その姿はまるで猫じゃらしを前にして手を伸ばす猫そのものの動きだった。
「まあ、じゃれてる分には報告もいらねえだろ」
「駄目ですよ。こういうのは見つけたら報告しないと。とりあえず何かのクエストかもしれないですし、お得意様の冒険者たちにでも情報流しときますよ。良い情報なら後から情報料をもらえるかもですしね」
「はあ、がめついね、お前は」
「……商人プレイを押しつけたお前が言うか? いいんだぞ。この前のお前が出した赤字分の借金を今請求しても……」
「よし、さっさと町に行って後ろの商品売るぞ!」
通りすがりの商人たちはこんな会話をして、動きを止めていた馬に鞭を入れた。そこらの草を食んでいた馬は、一瞬振り向いて嫌そうな顔をしてから鞭に従ってゆっくりと町へと進み始めた。商人たちの頭にはもう次の町での商売のことで頭が一杯で、あの黒猫の事は綺麗さっぱり無くなっているのだった。
***
そんな忘れ去られてしまった黒猫の方はというと、
『おお、また数が増えた! ひい! 近くで見ると蜜蜂の口ってコワッ! うおおお! 子犬サイズだからと思って正直舐めてた。よく考えれば子犬大でも猫の俺より大きいのは当たり前じゃん。なんだよ、パピービー(子犬蜜蜂)って可愛い名前に騙されたなっ! これはこの花畑のボスかもしれないな』
可愛らしい泣き声で盛大に喚いていた。数匹だったパピービーは気付けば十匹を超え、それぞれの個体がキューキューと口元をざわめかせては黒猫目がけて突進を繰り返しているのだ。
この今にもモンスターに食われそうになって喚いている黒猫こそ、このVRMMO『休日の楽園』唯一の獣型アバター、つまりは唯一の非人間型のアバターを選択したプレイヤーなのだった。プレイヤーネームはポチ。
色々あって始まりの街を出たポチは良い昼寝場所を見つけたと思い花畑に駆け込み、そのまま蜜を採取中のパピービーに突撃。攻撃されたと思ったパピービーが仲間を呼んで、今に至っている。ちなみにこのモンスターは攻撃方法が噛み付きだけの低レベルモンスターである。決してボスだったりはしない。
「キューキュー」
一際大きく鳴いたかと思うと、敵はポチに対して一気に攻勢に出た。

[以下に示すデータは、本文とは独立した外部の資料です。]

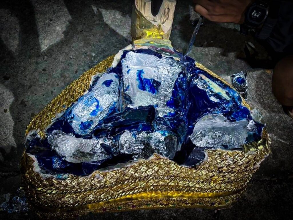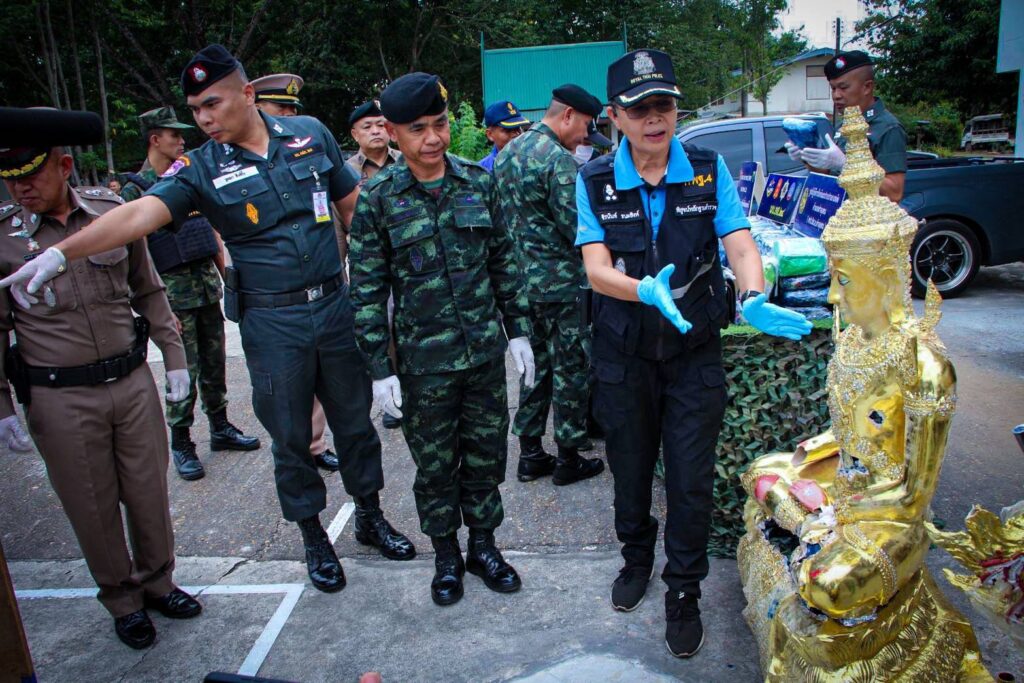 โดยเมื่อ วันที่ 16 พ.ย.67 เวลา 22.00 น. ชุดปราบปรามยาเสพติด กองร้อยเฉพาะกิจตำรวจตระเวนชายแดนที่ 237 ได้รับแจ้งจากชาวบ้านที่กำลังจะออกไปกรีดยางว่าพบเห็นพระพุทธรูป จำนวน 3 องค์ ที่ถูกวางไว้ข้างทางห่างจากแหล่งชุมชนหมู่บ้านพอสมควร บริเวณทางเข้าหมู่บ้านดอนแดงน้อย ต.ท่าจำปา อ.ทำอุเทน จ.นครพนม เป็นที่น่าสงสัย จึงรีบแจ้งต่อเจ้าหน้าที่ฯ เพื่อให้นำไปตรวจสอบและคาดว่าอาจจะมียาเสพติดซุกซ่อนอยู่ภายใน เมื่อเข้าไปสำรวจตรวจสอบเบื้องต้นพบว่ามียาเสพติดที่มีลักษณะวางซุกซ่อนในองค์พระพุทธรูปเป็นจำนวนมากจริง ก่อนถูกหล่อด้วยน้ำยาเรซิ่นอยู่ภายใน แต่อย่างไรก็ตามทางเจ้าหน้าที่ยังคงวางกำลังดักซุ่มรอ เพื่อหวังจะมีผู้มารับพระจำนวนดังกล่าวจนกระทั่งถึงเช้า เมื่อไม่มีผู้ใดมารับหรือแสดงตัวเป็นเจ้าของ จึงได้ทำการตรวจยึดและนำพระพุทธรูปทั้ง 3 องค์ มายังกองร้อยเฉพาะกิจตำรวจตระเวนชายแดนที่ 237 เพื่อทำการตรวจสอบอย่างละเอียด จึงพบว่าในองค์พระพุทธรูปทั้ง 3 องค์นั้น มียาเสพติดให้โทษให้โทษประเภทที่ 1 (เฮโรอีน) จำนวน 32 แท่งและยาไอซ์ จำนวน 117 ห่อ /กิโลกรัม สำหรับยาไอซ์ที่ตรวจยึดไว้ได้ ถูกจัดเรียงไว้ภายในขององค์พระพุทธรูปก่อนใช้น้ำยาเรซิ่นเทหล่อทับเพื่อพรางสายตาเจ้าหน้าที่ สำหรับการตรวจยึดยาเสพติดจำนวนมากในครั้งนี้ อาศัยความไว้เนื้อเชื่อใจระหว่างชาวบ้านกับเจ้าหน้าที่แลกเปลี่ยนข้อมูลข่าวสารด้วยดีตลอดมา จึงทำให้ผลการตรวจยึดของกลางจำนวนดังกล่าวเป็นผลสำเร็จก่อนที่ ยาเสพติดจำนวนนี้จะทะลักเข้าไปสู่พื้นที่ชั้นในต่อไป

今まで様子を見るように一匹ずつ攻撃していたのを、二匹、三匹と数を増やしていく。
それに対してポチがしたことは、
『スキル【招き猫】』
そう呟いて前足で空を掻いただけだった。見ている者がいたら、避けろ、と叫んでいるような状況を分かっていないかのような行動だった。次の瞬間、突進によって倒されるポチの姿は……なかった。
何故か、飛んでいた他のパピービーが突撃する別のパピービーの進路上に飛び出して同士討ちしてしまったのだ。それはまるでいきなりポチの方へ引き付けられたかのような、急な軌道を描いての割り込みだった。
その良く分からない状況に、知能も低い昆虫型モンスターであるパピービーの動きが止まる。
『スキル使わないとやっぱり無理そうだ』
ポチのその一言は傍から聞いていたら、ただ「ニャー」と言っているようにしか聞こえなかったけれど、それでもその瞬間ポチの雰囲気が変わったのは分かっただろう。パピービーもそれは分かったが、逃げるという考えを持てるほどに知能は高くなかった。
良く分からないと結論付けた蜜蜂たちは、自分よりも小さい生き物を捕食しようと何も考えず突撃を再開した。それが悪手だとも知らずに。
***
『はあ、これでやっと寝れそうだ』
ポチはため息とともにそう言うと、暖かな太陽な光を感じながら花畑の中で丸くなった。
周囲には死亡エフェクトの光をまき散らしながら消えていくパピービーが、頭と胴体とに断ち切られて落ちていた。
ポチが丸くなって数秒、静かになった花畑には風が花を揺らす音と、小さな寝息だけが響いていた。
お読みいただきありがとうございました。